- Obuohia Obuohia
- Coordinates: 5°26′3″N 7°36′29″E﻿ / ﻿5.43417°N 7.60806°E
- Country: Nigeria
- State: Abia State
- L.G.A: Ikwuano
- Clan: Ibere

Government
- • Type: Monarchy
- • Eze: Eze HRM Dickson I. Orji
- Elevation: 115 m (377 ft)

Population (2023)
- • Total: 4,000
- • Ethnicities: Igbo
- • Religion: Christianity
- Time zone: UTC+1 (WAT)
- 3-digit postal code prefix: 440108
- Area code: 440
- ISO 3166 code: NG.AB.IK
- Website: https://ng.geoview.info/obuohia,7073520

= Obuohia =

Village in Abia State, Nigeria

Obuohia is a village in Ibere, Ikwuano Local Government Area of Abia State, Nigeria. Obuohia is the largest village of the Ibere clan and third largest in Ikwuano. It is part of the Obi Ibere Autonomous Community and doubles as the capital.
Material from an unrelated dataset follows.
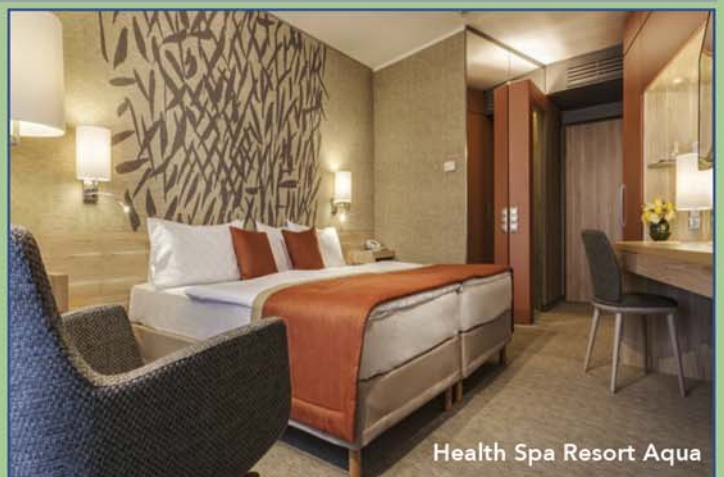
Health Spa Resort Aqua

Obuohia is 27km east of Umuahia, Abia State's capital.

==History==
Obuohia is believed to be derived syntactically from the words Obu (lodge), Ohia (literally means bush but in this context, Ohia is a name of a person). Oral stories have it that the first man to settle in Obuohia is Ohia, in whom is the reason its named Ohia's lodge; Obuohia.

==Culture==
The community is richly surrounded with numerous cultural displays like the colourful Ekpe and Iri Ji (New Yam) festivals.

==Kindreds==
Obuohia Ibere is made up of four kindreds which include;

• Umuakoo

• Umuachi

• Umuotuu

• Umuodoro

==People==
The people of Obuohia are predominantly farmers, hunters and business merchants. CLLR Mrs. Edith Ngozi David-Onwunaruwa, Councillor of East Barnet, London, England in the U.K, Samuel Onuigbo, an ex-member representing Ikwuano/Umuahia North and South Constituency at the House of Representatives and Uche Mpamah (late), an ex-Commissioner of Sports for Abia State and former LGA Chairman of Ikwuano are from Obuohia.

==Economy==
The community members are heavily farmers which makes them a food zone of Ibere. Being over a 100 year old community with over 4,000 inhabitants, its citizens dwell mostly on diverse agricultural plantations which is the major source of income for their livelihood. They accommodate many labourers from neighbouring states like Nkalu in Akwa Ibom, Enugu and Ebonyi States. Their farm products are sold in the markets of Ndoro, Ariam and up to Umuahia. The community observes rest from its farming activities on Orie Ukwu market day which happens to be the market day of Obuohia but the market just like most markets in Ikwuano is no longer functional due to preference of the aforementioned markets. However, a new market was recently constructed.